This is a story of blooming love and betrayal, about children coming of age, of conscience and the sociopaths who lack it; it is a story about trust and how true love empowers and heals us. In the end, it is a story about humanity and the eternal struggle between good and evil. Nyla and Junaid are classmates learning about the world around them and in the process discovering themselves. They must endure and survive a path fraught with confusion and peril if they hope to emerge victorious, though not necessarily unscathed. They will learn of innocence and its loss, about how budding love can be snuffed out if not cared for and its formidable power when nurtured and protected. They will become closely acquainted with evil, with its insidious presence in plain sight and how it mangles and corrupts those it touches. They will have to confront and defeat it if they can. If you think you recognize some of the characters described herein, it is only because the human experience around the world and in the different cultures is not unique, and we all share some of the same burdens and the joys of similar emotions and trials as we go about learning to find ourselves. The setting is the foothills of the Margalla Mountain range, a part of the lesser Himalayas, north of Islamabad in Pakistan, during the 1990s. For the sake of a coherent and consistent story line and to make it easier for those readers not familiar with local schools in Pakistan, certain liberties have been taken when describing the school system. This is a fictional work and any similarities with actual persons or events is purely coincidental.

About the Author

I enjoy what I do for a living, helping people maintain and regain their good health.  But there is something I love to do, and that is to write.

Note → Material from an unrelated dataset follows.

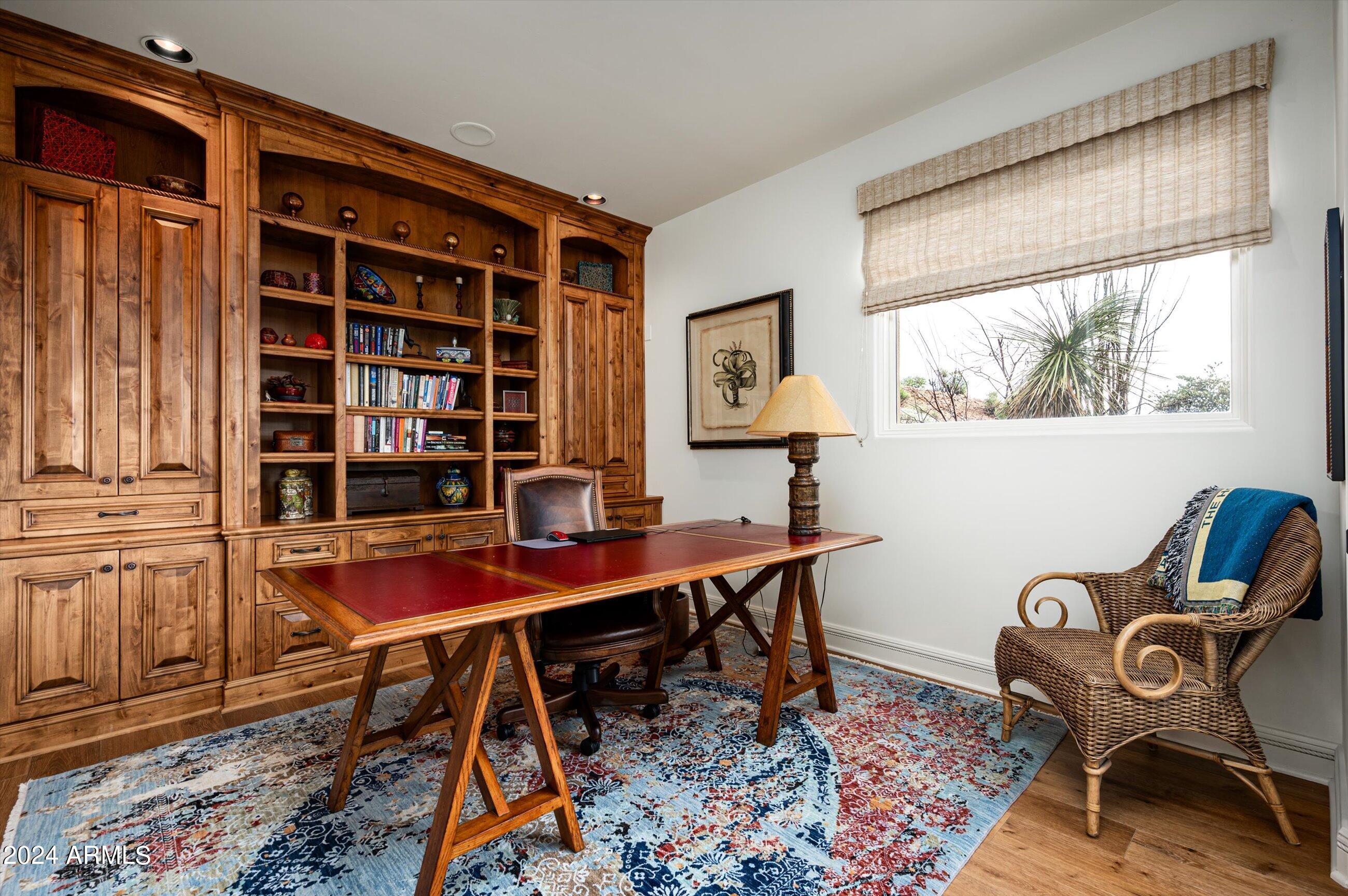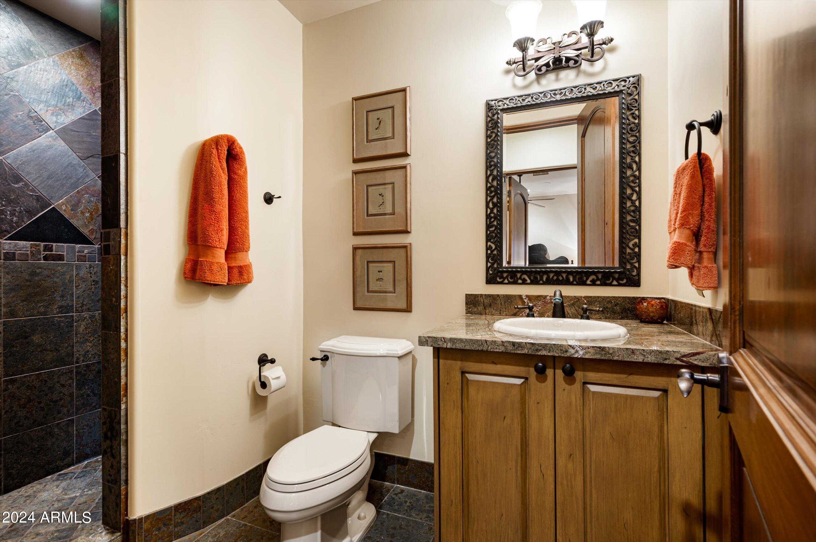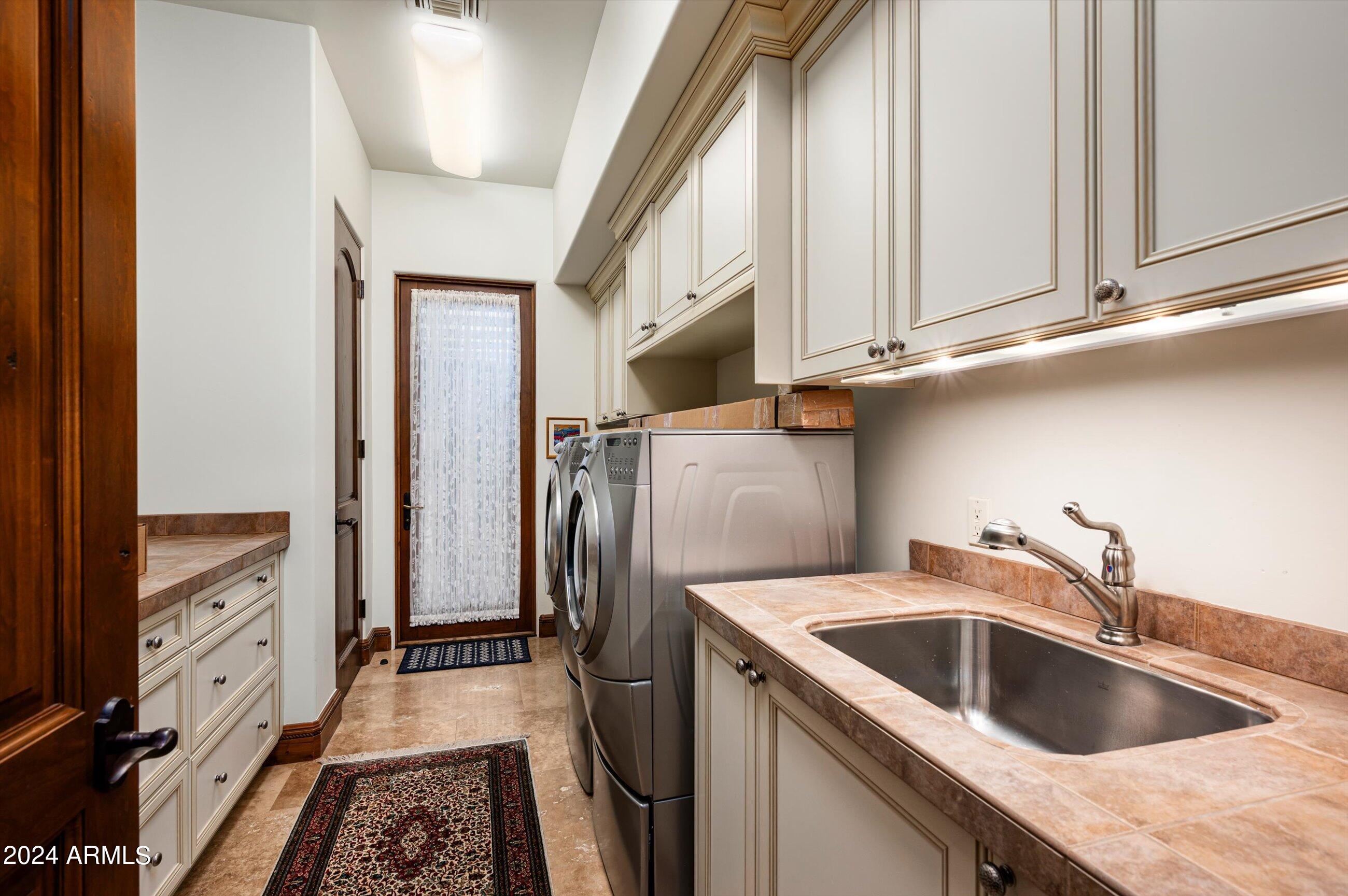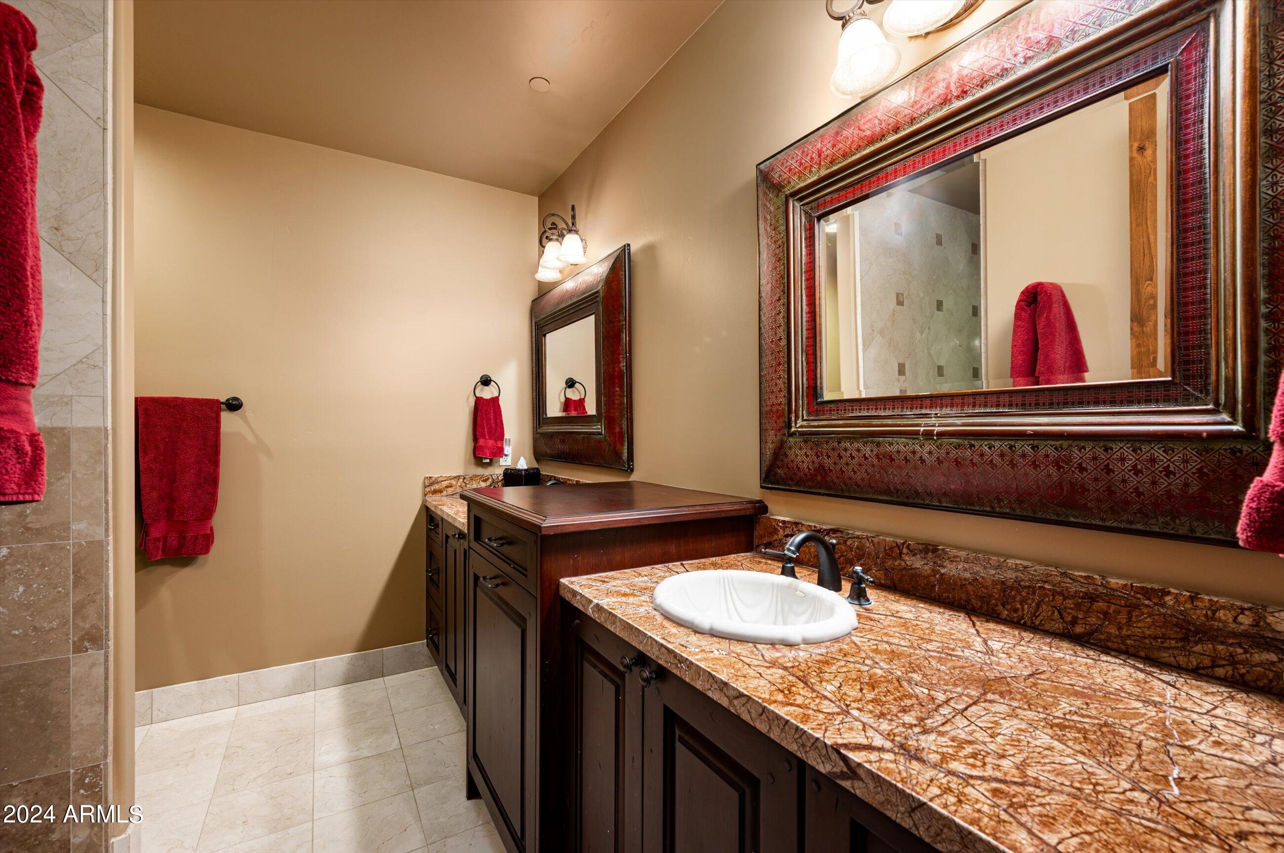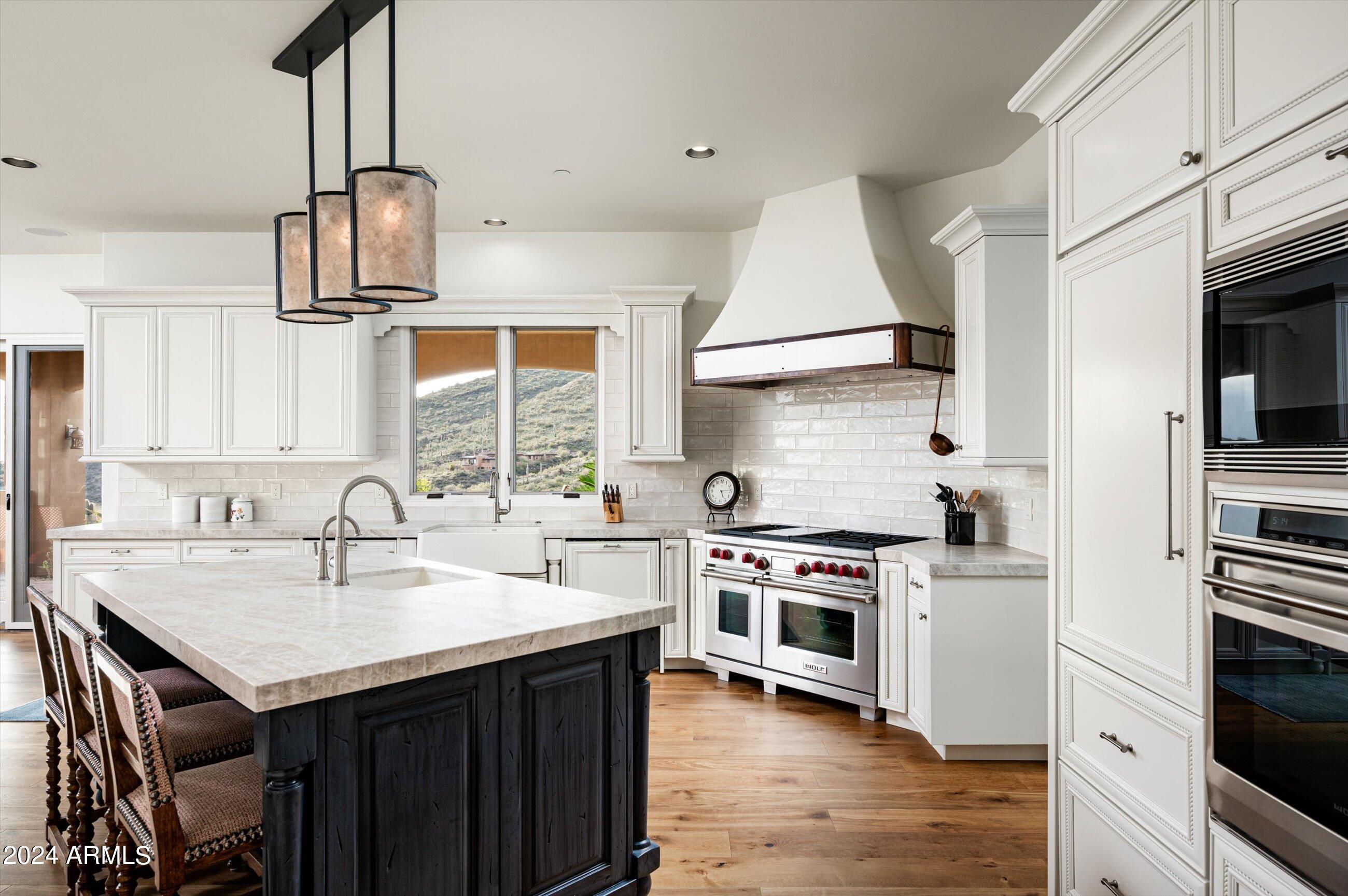Scenic elevated ~10 acre Santa Barbara estate with breathtaking views of the Valley of the Sun, fabulous Sunsets and City Light Views can be yours forever. This home features 2 separate Guest Houses, 4 car garage, Great Room, Media Room, 2 offices, wet bar, wine room, and 5 En-suite Bedrooms all on 1 level + Exercise Room on Lower level. Lushly landscaped patios and grand-view pool deck are graced by 3 sparkling water features and Juliet balcony. Main home 3 En-suite Bedrooms open to interior courtyard w/water feature. Every possibility for seamless, indoor/outdoor living has been thoughtfully designed into this High Sonoran Retreat. Golf Membership available to transfer from Seller and furnishings excluding art are available under separate Bill of Sale.

Writing liberates me. It frees me to think and be someone else. I try to become the characters I write about, I try to feel what they must feel and say and do what they might in the circumstance they find themselves in. No matter their age or gender, for they are connected to me through their humanity.

As I write, I learn and grow, but perhaps the greatest reward of writing, for me, is to create something that I can call my own and that others may discover in reading those words the very joy I myself felt. There is no greater chance one takes than when one puts out for the world to see what is within oneself but there is also no greater reward than when such a brave effort is rewarded with a warm reception.